Under the bloc's data privacy laws, known as the General Data Protection Regulation, companies have 72 hours to inform their customers what data has been breached or face penalties.
Those penalties are capped at a maximum of 20 million Euros ($30.6 million) or 4 per cent of their global revenue.
Across the ditch, New Zealand passed updated data privacy laws at the end of 2020, enforcing mandatory obligations to inform the country's privacy commissioner.
But companies only faced fines of up to $NZ10,000 ($8800) for non-compliance.
In the United States, the issue is complicated by each state having its own laws set up. California set up its rules in the early 2000s forcing companies to inform their customers if their personal information has been compromised and wasn't encrypted.
Under the US state's laws, affected customers can sue a company up to $750 per incident if their non-encrypted and non-redacted personal information was stolen in a data breach as a result of their failure.
Efforts to establish a federal data breach notification system within the US have yet to succeed.
Where to from here?
The severity of the Optus cyber security breach has brought data privacy and compliance to the forefront of the conversation with advocates calling for urgent reforms.
Greens senator David Shoebridge, along with a number of privacy experts, wants to see harsher punishments for offending companies in a move that mirrors more closely the EU model.

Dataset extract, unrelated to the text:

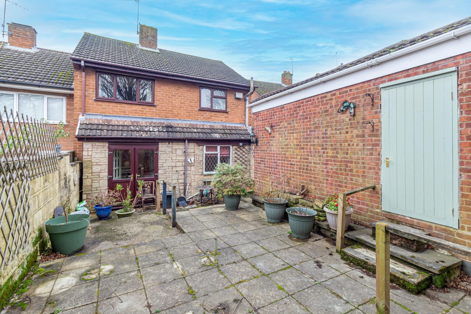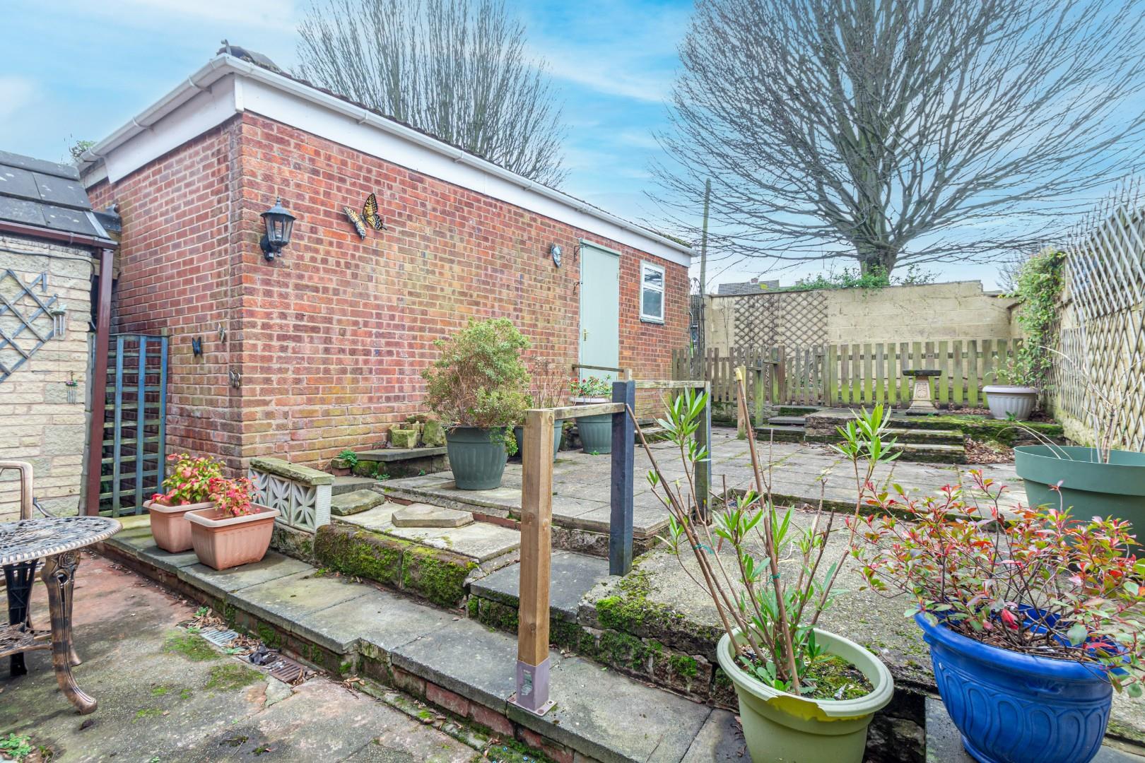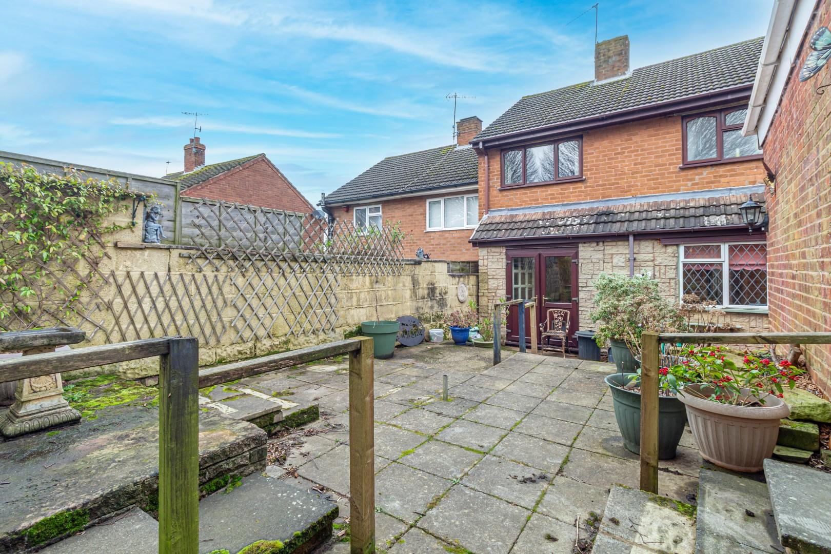 With a patio area to the front and steps leading to further patio beyond with shrub borders, doorway access to the garage

He believes the changes will work as a disincentive and force companies to think twice about lax data security.
"We have the private corporate interest of players, like Optus, to retain the data for its marketing and customer retention purposes. We also have the security motive from the likes of the AFP and the federal government," Senator Shoebridge said.
"What's totally missing are the protections for individuals whose data is at risk. We need to make the penalties sufficient to provide an incentive to protect data."
Attorney-General Mark Dreyfus said over the weekend he was looking to reform privacy laws by the end of the year in response to Optus' failure.
"Companies throughout Australia should stop regarding all of this personal data of Australians as an asset for them, they actually should think of it as a liability," Mr Dreyfus said.
It follows the release of an exposure draft late last year for enhancing online privacy.
It would amend laws to include a binding online privacy code and would result in the maximum penalty being raised to $10 million for companies, or 10 per cent of their domestic annual turnover.
It would also give the Information Commissioner additional powers to issue infringement notices for failure to give information.